::: Given entries :::
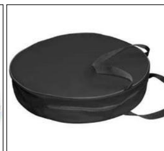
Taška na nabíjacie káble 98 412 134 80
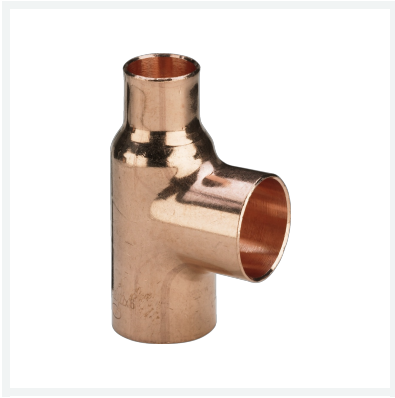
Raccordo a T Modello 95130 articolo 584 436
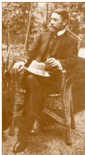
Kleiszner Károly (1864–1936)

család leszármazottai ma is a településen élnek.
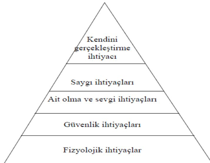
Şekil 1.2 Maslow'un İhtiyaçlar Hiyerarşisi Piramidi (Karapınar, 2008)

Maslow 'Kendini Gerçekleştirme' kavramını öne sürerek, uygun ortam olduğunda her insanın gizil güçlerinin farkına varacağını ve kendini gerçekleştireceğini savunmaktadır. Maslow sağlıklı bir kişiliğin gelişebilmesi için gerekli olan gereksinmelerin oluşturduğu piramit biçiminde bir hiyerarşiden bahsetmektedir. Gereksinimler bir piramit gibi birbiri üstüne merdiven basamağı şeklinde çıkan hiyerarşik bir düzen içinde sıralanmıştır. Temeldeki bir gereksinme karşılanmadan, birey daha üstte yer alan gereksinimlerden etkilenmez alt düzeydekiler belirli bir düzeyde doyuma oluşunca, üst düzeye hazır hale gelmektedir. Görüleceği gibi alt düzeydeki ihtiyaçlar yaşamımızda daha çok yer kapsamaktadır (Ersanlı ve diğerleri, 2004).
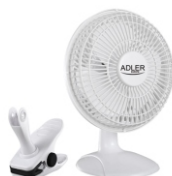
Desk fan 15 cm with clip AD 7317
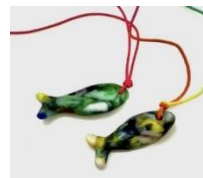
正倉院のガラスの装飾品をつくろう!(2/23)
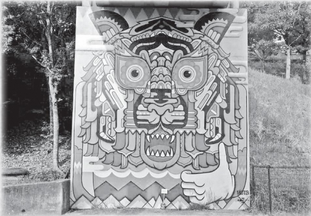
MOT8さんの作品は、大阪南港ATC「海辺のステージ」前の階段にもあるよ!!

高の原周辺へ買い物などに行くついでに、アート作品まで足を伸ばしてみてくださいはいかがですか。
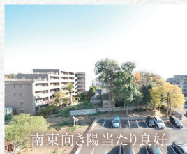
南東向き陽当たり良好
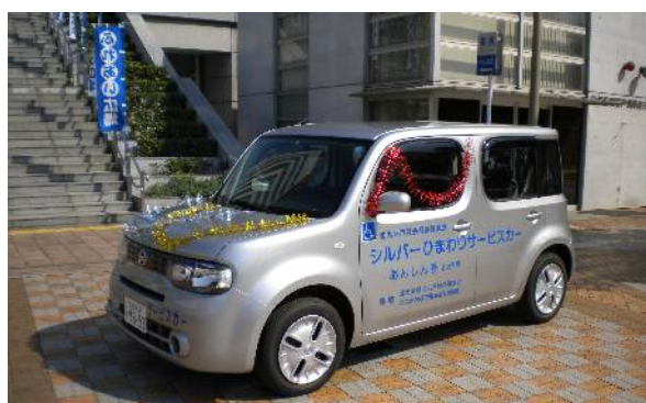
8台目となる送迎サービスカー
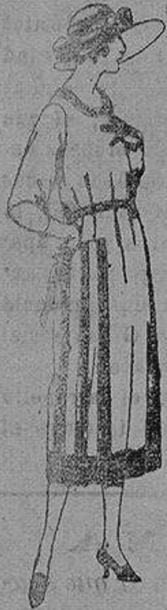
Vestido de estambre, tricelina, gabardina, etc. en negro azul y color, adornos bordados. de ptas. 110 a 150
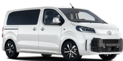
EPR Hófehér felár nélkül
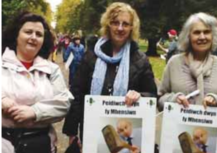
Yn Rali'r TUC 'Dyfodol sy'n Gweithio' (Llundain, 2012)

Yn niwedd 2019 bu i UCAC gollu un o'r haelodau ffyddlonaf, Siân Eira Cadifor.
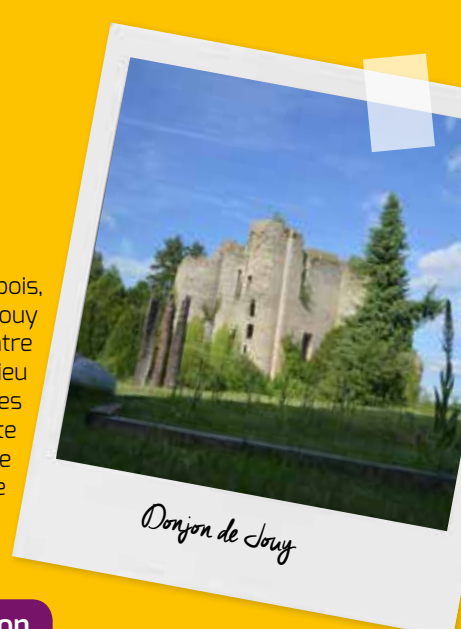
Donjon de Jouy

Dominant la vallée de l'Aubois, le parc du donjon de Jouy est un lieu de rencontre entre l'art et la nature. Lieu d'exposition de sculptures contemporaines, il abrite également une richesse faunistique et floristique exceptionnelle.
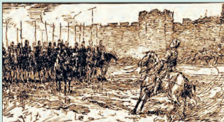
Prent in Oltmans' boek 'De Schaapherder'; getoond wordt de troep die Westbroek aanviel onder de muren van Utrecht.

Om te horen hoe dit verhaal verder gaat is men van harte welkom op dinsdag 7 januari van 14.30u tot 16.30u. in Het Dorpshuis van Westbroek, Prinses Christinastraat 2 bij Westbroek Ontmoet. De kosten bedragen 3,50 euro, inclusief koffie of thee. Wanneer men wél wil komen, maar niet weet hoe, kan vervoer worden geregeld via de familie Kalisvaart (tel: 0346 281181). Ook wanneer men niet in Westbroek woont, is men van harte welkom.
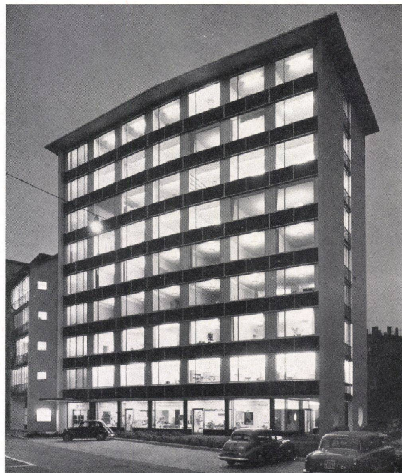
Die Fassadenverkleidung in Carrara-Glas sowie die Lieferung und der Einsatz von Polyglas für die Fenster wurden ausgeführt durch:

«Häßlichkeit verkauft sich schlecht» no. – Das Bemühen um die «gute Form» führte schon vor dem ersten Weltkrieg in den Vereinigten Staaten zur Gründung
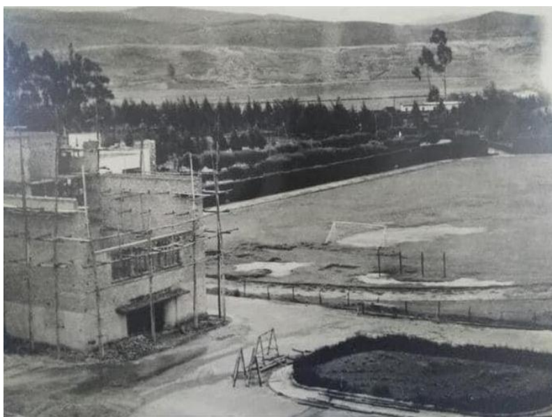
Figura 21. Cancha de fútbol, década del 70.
:::
> _What the exercise asks_
From the lines above, copy those that contain the word "Jouy".

> _Problem solution_
Donjon de Jouy
Dominant la vallée de l'Aubois, le parc du donjon de Jouy est un lieu de rencontre entre l'art et la nature. Lieu d'exposition de sculptures contemporaines, il abrite également une richesse faunistique et floristique exceptionnelle.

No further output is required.